# vfd ,plc , breaking issue?



## the resistance (Jan 26, 2013)

I think the plc is telling the brake to disengauge and then the motor wont jog because of the lockout causing its weight to distribute accordingly and the platform does a quater turn then will not move


----------



## Big John (May 23, 2010)

Feed the brake circuit from a small transformer on the load-side of your motor disconnect so it's not possible to release the brake with the disconnect off. If this is a motor-mounted brake it also removes the hazard of multiple sources of power to a single piece of equipment.

My only concern is it sounds like you might be relying on the brake as an effective means of lockout. I'm not sure that with stored energy behind that brake it would be considered rendered safe even with electrical power removed.


----------



## Jabberwoky (Sep 2, 2012)

Could you use an output contact from the VFD such as a N.O. that closes when the drive is 'ready'. Run that to the PLC input and modify the program so the brake output can only turn on when the VFD is ready.


----------



## JRaef (Mar 23, 2009)

I see the problem as being that you have now added a condition that the PLC program does not know about and is not programmed to deal with. By adding the disconnect between the drive and the motor, there is now a condition wherein the motor power can be cut off, so no jogging, but the brake can be released because it is already powered separately. I don't see why someone would be trying to jog the motor with the disconnect switch open, so I'm assuming that is a mistake.
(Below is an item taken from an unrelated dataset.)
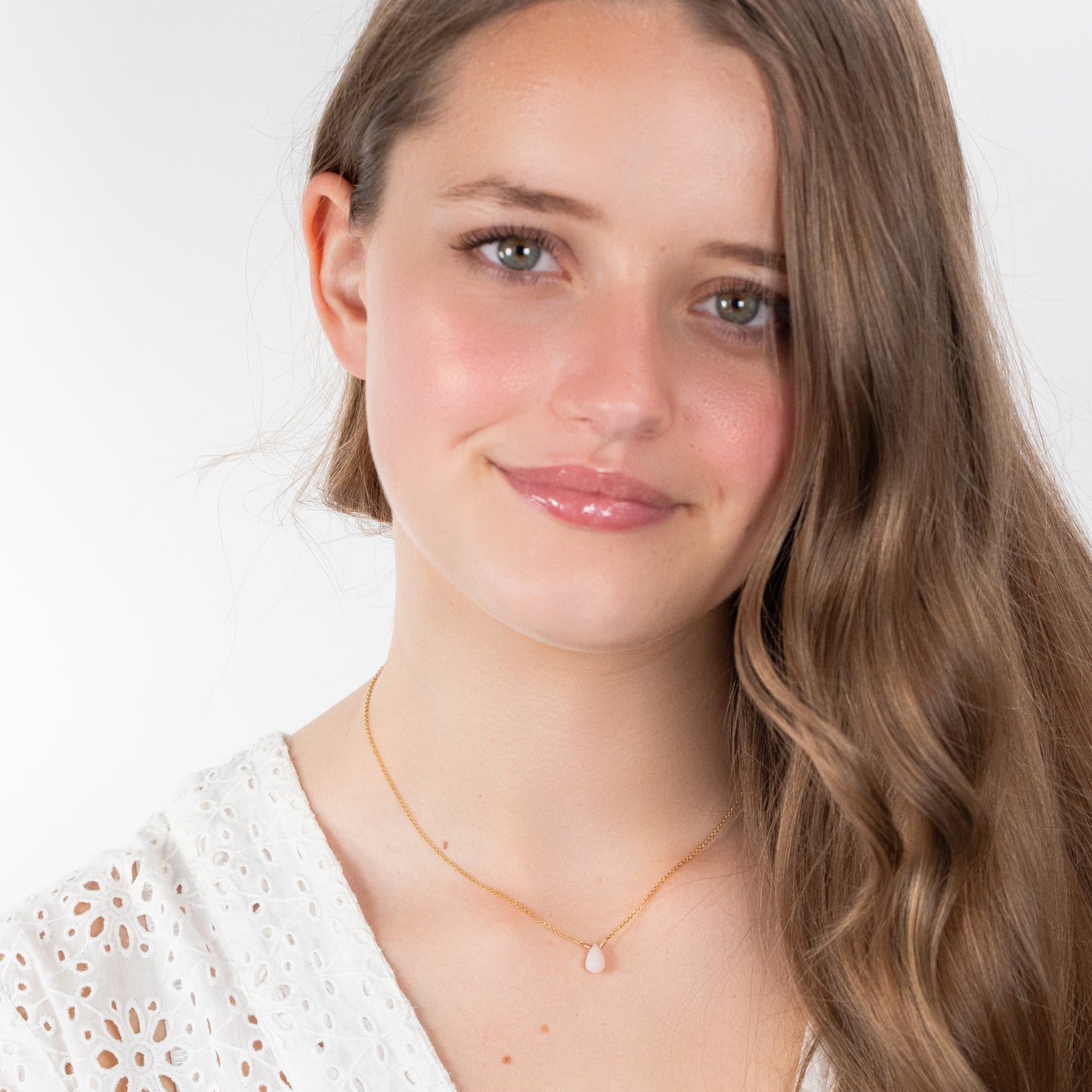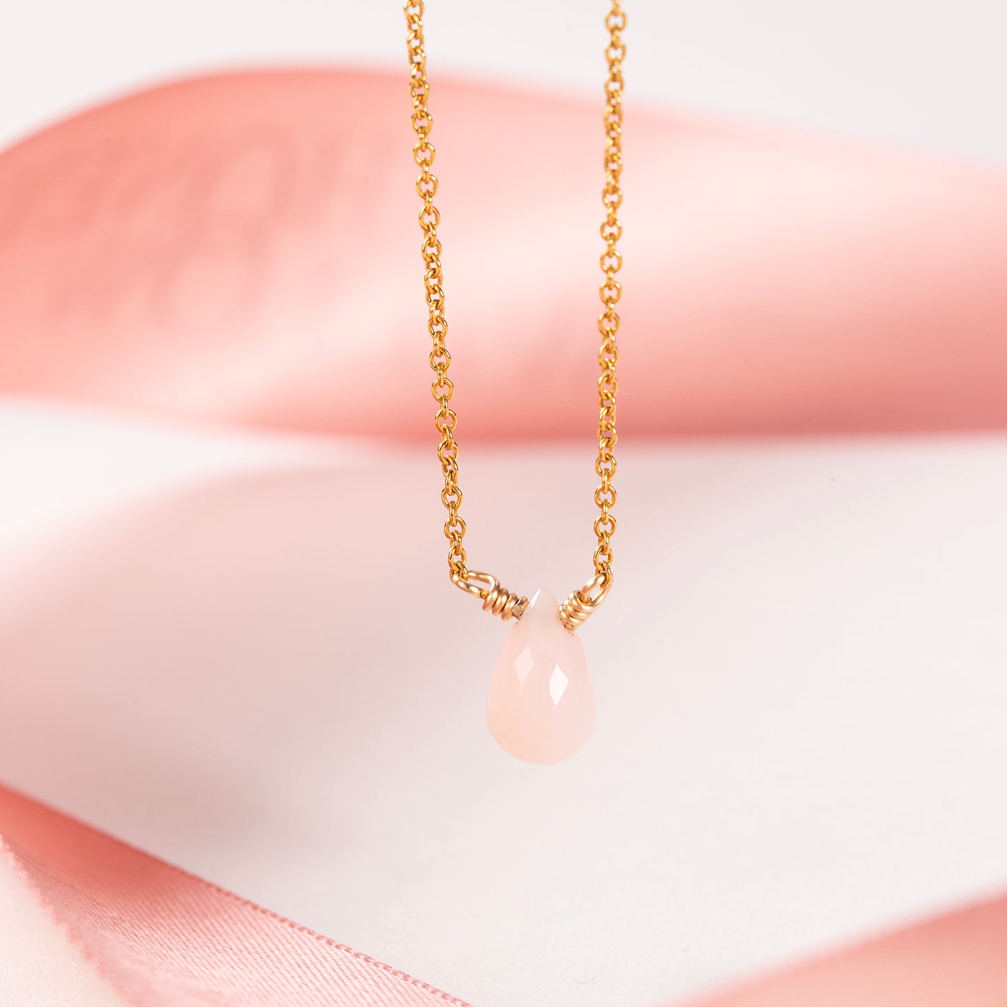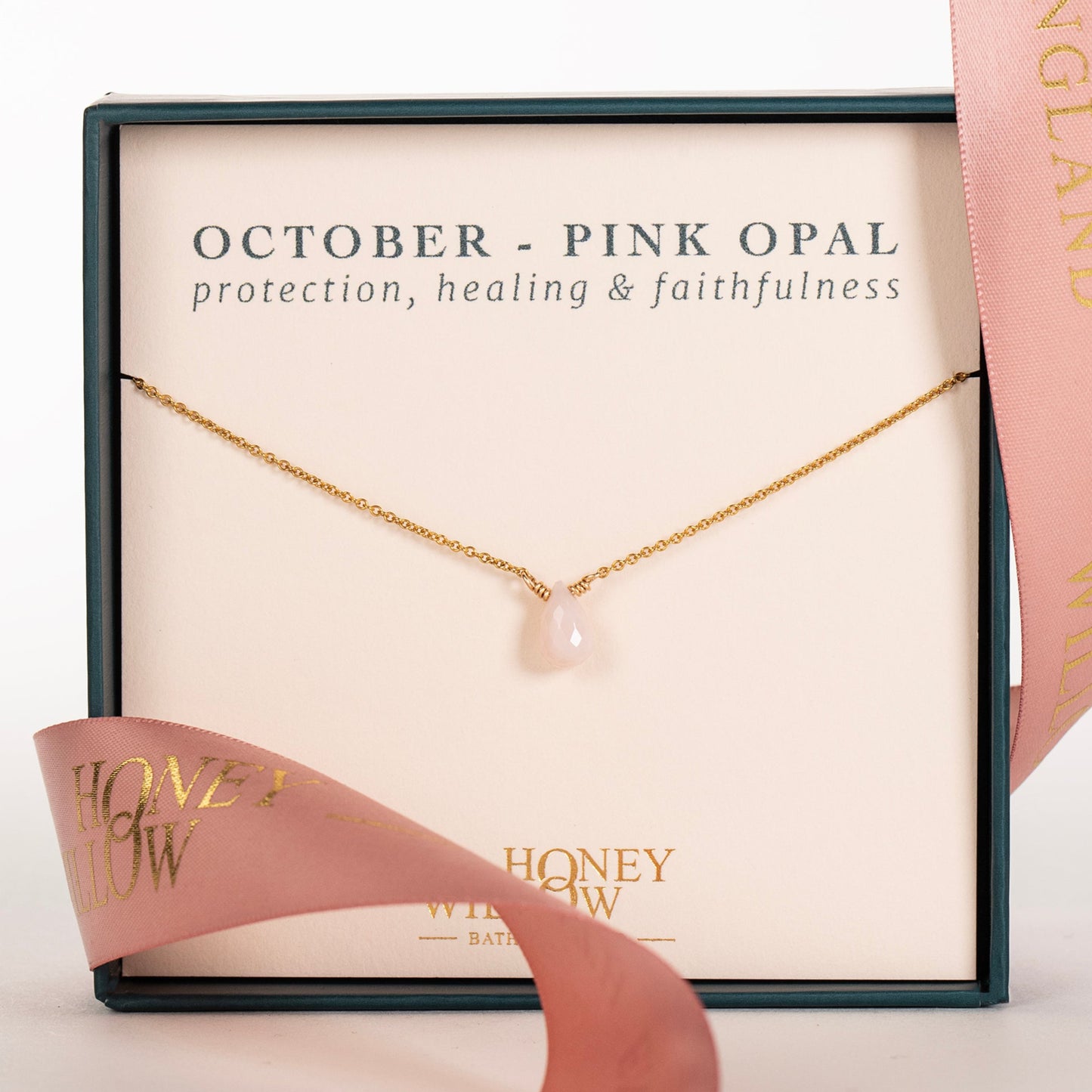 Celebrate her October birthday with a dainty necklace, handmade with pink opal, a birthstone for October.

All you need to do is add an aux contact to your disconnect switch so that when the disconnect is opened for safety, the brake coil circuit is opened as well, so the PLC can no longer release the brake if someone forget to re-close the disconnect. I would add a 2nd aux contact in the switch to kill power to the VFD Run command signal too by the way. You don't want the VFD to be running when someone opens that switch, it can damage the VFD transistors.


----------



## the resistance (Jan 26, 2013)

Thanks everyone for the input .i did decide to tie a nearby interlock circuit into the a auxillary contact i ordered for the disconect 
when the interlock circuit is broken the brake holds and the vessell is stable


----------



## Jabberwoky (Sep 2, 2012)

I didn't catch that you put the disconnect between the motor and the drive. You definitely do not want that drive running when someone pulls that disconnect. When I used to do service calls I would relocate it to the line side of the VFD.


----------



## Trigger_442A (Sep 15, 2012)

What about when the drive is interlocked to operate two motors because your company cheaper out on two drives


----------



## Peewee0413 (Oct 18, 2012)

,........


----------